Mutations in a small region of the rpoB gene are responsible for most rifamycin resistance in Mycobacterium tuberculosis. In this study we have sequentially generated resistant strains to first rifampicin and then rifabutin. Portions of the rpoB gene were sequenced from 131 randomly selected mutants. Second round selection resulted in a changed frequency of specific mutations.

Methods

Mycobacterium tuberculosis (strain Mtb72) rifamycin resistant mutants were selected in vitro with either rifampicin or rifabutin.
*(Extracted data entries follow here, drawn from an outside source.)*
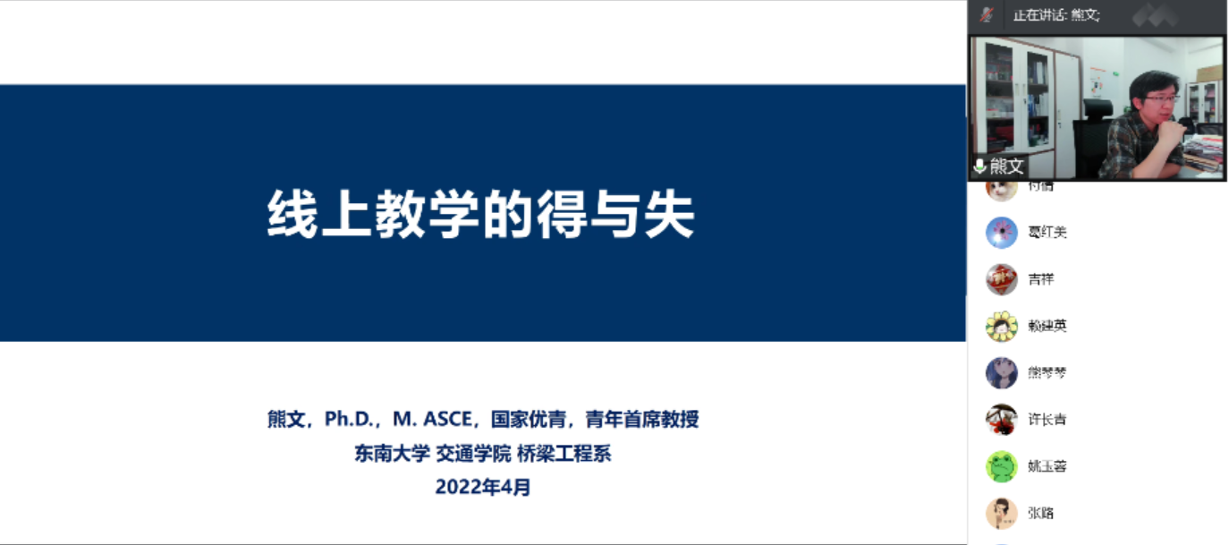 4月27日下午,williamhill英国教师网络教学能力培训与线上教学经验分享月系列活动——“线上教学的得与失”在线上进行。本次活动特邀东南大学交通学院桥梁工程系教授熊文为学院教师作专题报告与交流,活动由副院长葛世龙主持。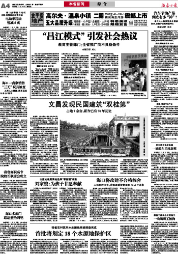 海南日报 本省新闻 004 2009-11-131 2009年11月13日 星期五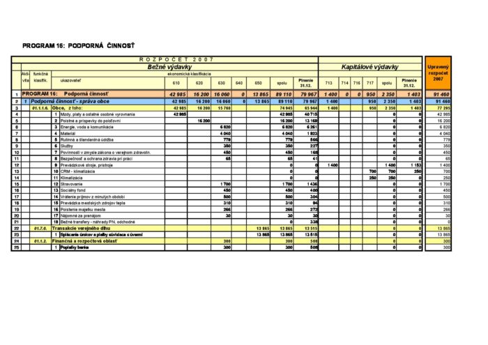 Hlavná stránka > Samospráva > Transparentný Trenčín > Rozpočet mesta > Rozpočet mesta – rok 2007 > Program 16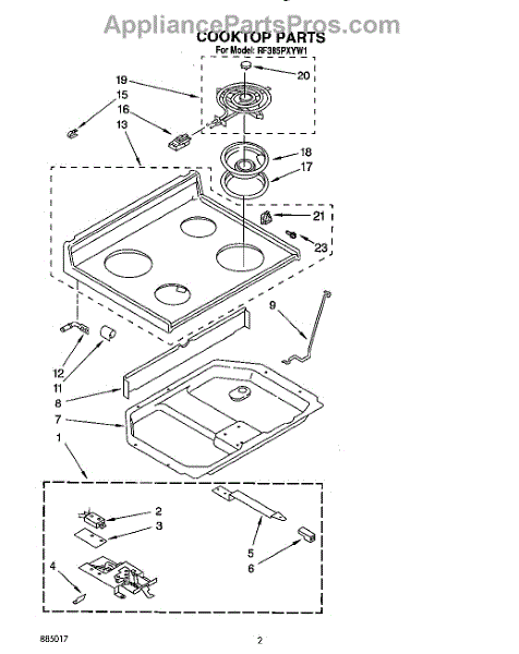 Parts for Whirlpool RF385PXYN1: 02 - Cooktop Parts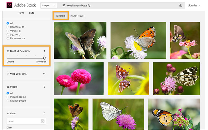 Bắt đầu bằng cách nhập một cụm từ tìm kiếm mô tả; ví dụ đang sử dụng coneflower + butterfly. Nhấp vào tab Filters ở đầu màn hình để khám phá các cách bổ sung để tập trung tìm kiếm hình ảnh.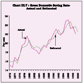 3.19 The savings behaviour in the Indian context is analysed for the period 1970-71 to 1999-2000 by estimating savings functions at the aggregate level, and also for private saving. The empirical estimates indicate that real per capita income and financial deepening have significant positive effects on the aggregate saving rate (gross domestic saving rate) and are its main determinants1; other things remaining the same, a one per cent increase each in income and intermediation ratio (secondary issues to primary issues ratio, as used in flow of funds accounts) would induce an increase in aggregate savings rate by 6.6 percentage points and 3.4 percentage points, respectively. The interest rate, i.e., real deposit rate, has a lesser but positive impact on gross savings rate; implying that as much as 12 percentage points change in the real interest rate is required to increase aggregate savings rate by one percentage point. The results indicate that the dynamic response of the private saving rate to per capita income (per capita disposable income is the relevant scale variable in studying private saving behaviour) works out to 7.8. The in-sample fits of the estimated equations for aggregate and private savings rates, are reported in Charts III.7 and III.8.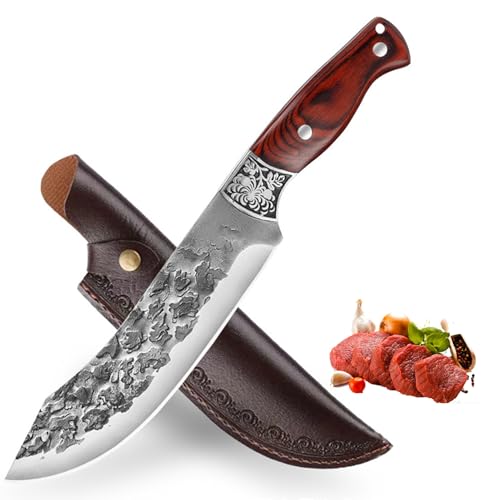 Fubinaty Chef’s Knife 7 Inch Japanese Handmade Forged Kitchen Knives Full Tang High Carbon Steel Cooking Knife Wooden Handle Vegetables Knife with Sheath for Home and Grill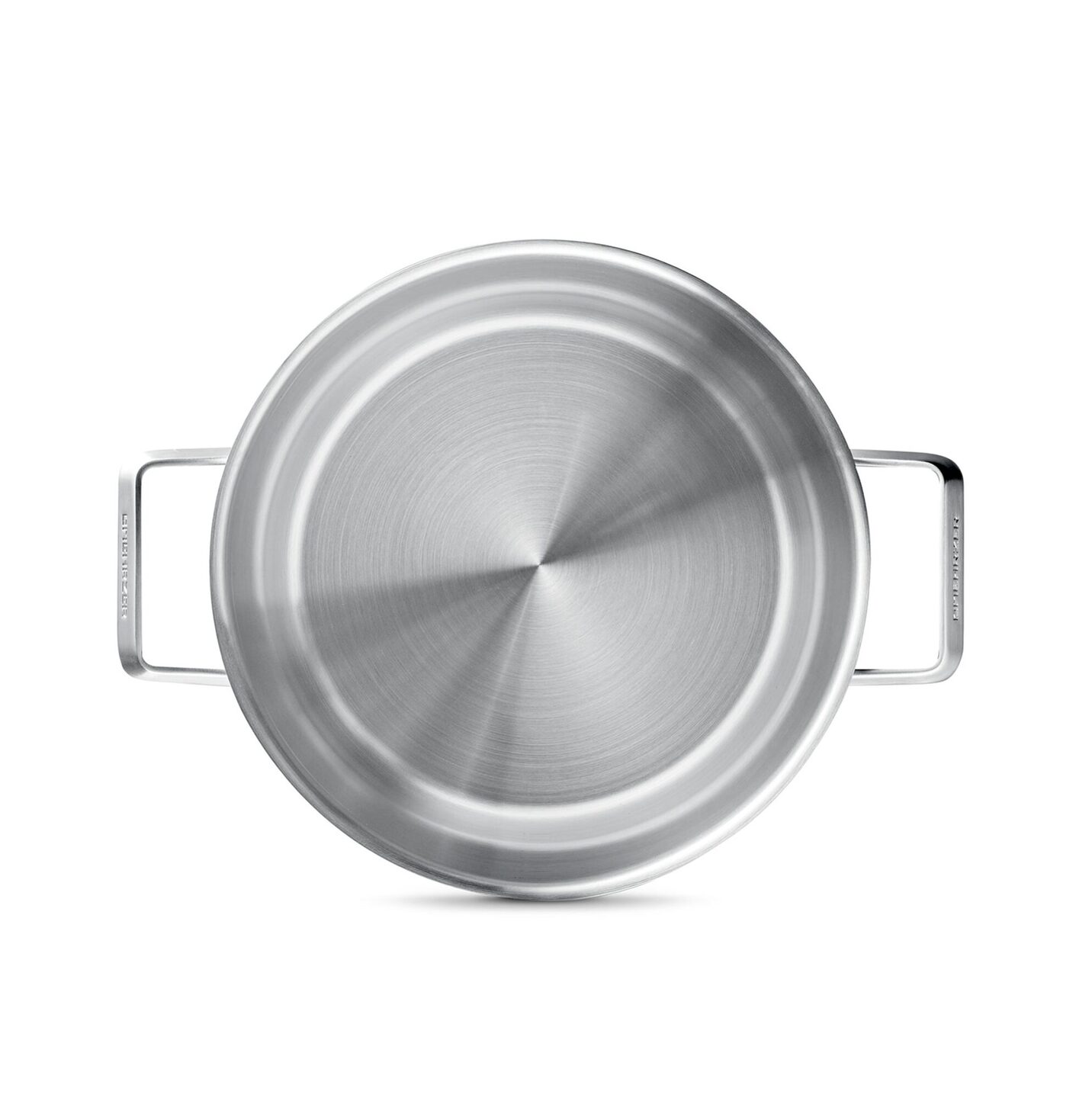 Mehrzer Berlin Premium hoge Soeppan 24 cm is zeer functioneel en voldoet ook aan de hoogste eisen van de moderne keuken. De Mehrzer pannenserie bevat 3 kookpannen met daarnaast een grote soeppan, een steelpan en een braadpan in verschillende hoogtes en diameters. De Berlin pannen zijn stabiel en solide. De 3-laags Impact Bonding bodem bevat een kern van 9 mm zuiver aluminium, is geschikt voor alle warmtebronnen en heeft het predicaat Inductie Premium gekregen.
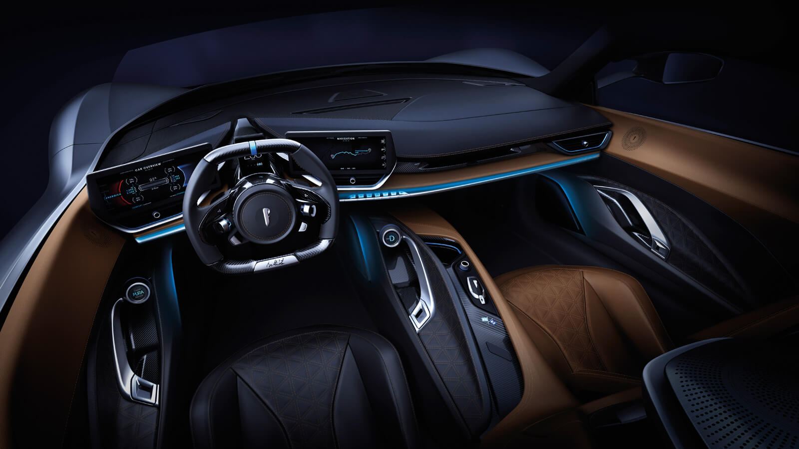 In hosting the powertrain of the future in an elegant yet functionally efficient carbon fiber body and chassis featuring double wishbone coil over suspension, the Battista will shatter traditional performance targets set by machinery powered by any internal combustion engine. Yet it will do this with a focus on luxury and drivability that offers a targeted 279 mile range, and a level of comfort and connectivity that will tempt owners to take to the roads more than the track.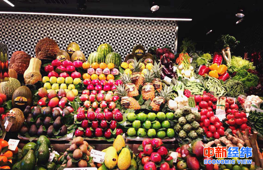 资料图:超市货架上摆放的水果。中新经纬 张澍楠摄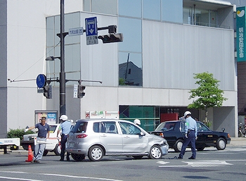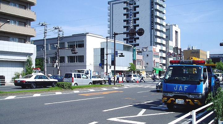 広い交差点で、日頃あまり車輌事故が発生しますような場所でもないのですけど、連日の猛暑のせいなのでしょうか…

One mutant R190 (rpoB S522L) selected with rifampicin had a rifampicin MIC of 32 μg/ml but remained sensitive to rifabutin (MIC<0.8 μg/ml). This mutant was subjected to a second round of selection with rifabutin.

Results

All 105 first round resistant mutants derived from the parent strain (Mtb72) screened acquired mutations within the 81 bp rpoB hotspot. When the rifampicin resistant but rifabutin sensitive S522L mutant was subjected to a second round of selection, single additional rpoB mutations were identified in 24 (92%) of 26 second round mutants studied, but 14 (54%) of these strains contained mutations outside the 81 bp hotspot (codons 144, 146, 148, 505). Additionally, spontaneous rifabutin resistant mutants were produced at >10 times the frequency by the S522L mutant than the parent strain.

Conclusion

First round selection of mutation S522L with rifampicin increased the frequency and changed the spectrum of mutations identified after selection with rifabutin.